If you don't know the name William Gholston by now, you will by the end of this upcoming college football season. Gholston is a junior defensive end for the Michigan State Spartans and quite possibly one of the best defensive lineman in the country.
The man is a monster, standing 6'7" and weighing in at a solid 275 pounds of pure muscle. He was ranked among the nation's top prospects coming out of high school and possibly the best recruit in the state of Michigan.
Gholston does, however, have a reputation that may seem an unfair one to place upon such a talented player. Last season, he was punished for throwing a punch at Michigan offensive tackle Taylor Lewan in a heated rivalry game. He was also guilty of twisting Denard Robinson's helmet at the bottom of a pile.

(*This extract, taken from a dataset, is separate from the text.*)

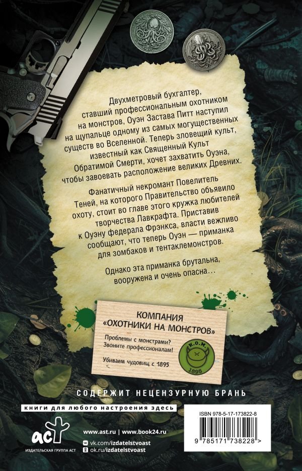 Двухметровый бухгалтер, ставший профессиональным охотником на монстров, Оуэн Застава Питт наступил на щупальце одному из самых могущественных существ во Вселенной. Теперь зловещий культ, известный как Священный Культ Обратимой Смерти, хочет захватить Оуэна, чтобы завоевать расположение великих Древних.

He was suspended for possibly the biggest game of the season just a week later against another rival and No. 5 team in the country, Wisconsin.
This seemed like the worst possible situation for Gholston and the entire Spartan team. The Spartans' dominant defensive end wouldn't be there to help them fight a battle with the best offensive line in the conference. Wisconsin's offensive line struck fear into defenses around the Big Ten, and that was expected to be no different with a Gholston-less Spartan defense.
Michigan State ended up winning the contest against Wisconsin on a last-second Hail Mary pass from Kirk Cousins that was deflected off of B.J. Cunningham into Keith Nichol's waiting arms. It was one of the best finishes in the entire college football season and one of the most exciting in Spartan Stadium's history.
All of this happened without "Big Will", as he is known around campus. He vowed to set himself straight, and never to jeopardize his team with other acts of emotion that got him caught up in the heat of the moment.
Although the mistakes he made in the Michigan game were publicly criticized and he was labeled a thug by many critics, he knew that he was not that type of player. He knew that he let his emotions get the best of him in a heated game, and he knew that he usually plays with class.
After the suspension, Gholston came back and played as if nothing had happened, putting the suspension behind him. He racked up 29 tackles in the next two games against Nebraska and Minnesota combined. He once again looked like the dominant presence that he was expected to be coming out of high school.
Accumulating 29 tackles in two games is a number that would be expected for a linebacker, not a defensive lineman. This number was almost unheard of for his position, and that was a huge way to come back from his suspension.
This was also extremely impressive because in six games before his suspension, he only had 20 tackles, and to rack up nine more in two games than he had in the first six showed flashes of superstardom.
He has just 1.5 total sacks in the first six games as well, and he matched that mark in the two-game massacre he put up following the suspension.
If anything, the punishment woke Gholston up and made him realize that if he plays to his potential, he can be the most dominant defensive player in the entire Big Ten Conference. He could also be one of the most punishing defenders in the entire country when his potential is maximized.
Gholston finished the 2011 season with a dominating performance in the Outback Bowl against the SEC's Georgia Bulldogs, finishing with seven tackles and two sacks. This performance put Gholston on the map nationally, playing with such confidence against a solid SEC opponent.
He finished his sophomore season with 70 tackles, 16 for loss, and five sacks. These are extremely impressive statistics especially because he missed two games last season and didn't realize his potential until the Nebraska game halfway through the season.
There is no doubt that William Gholston will have his NFL Draft stock improved after his upcoming season, and he will become a household name before it's all said and done.
With the defensive prowess and seemingly unlimited potential that Gholston possesses, Gholston is sure to become a superstar in college football this season and a star in the sport for years to come.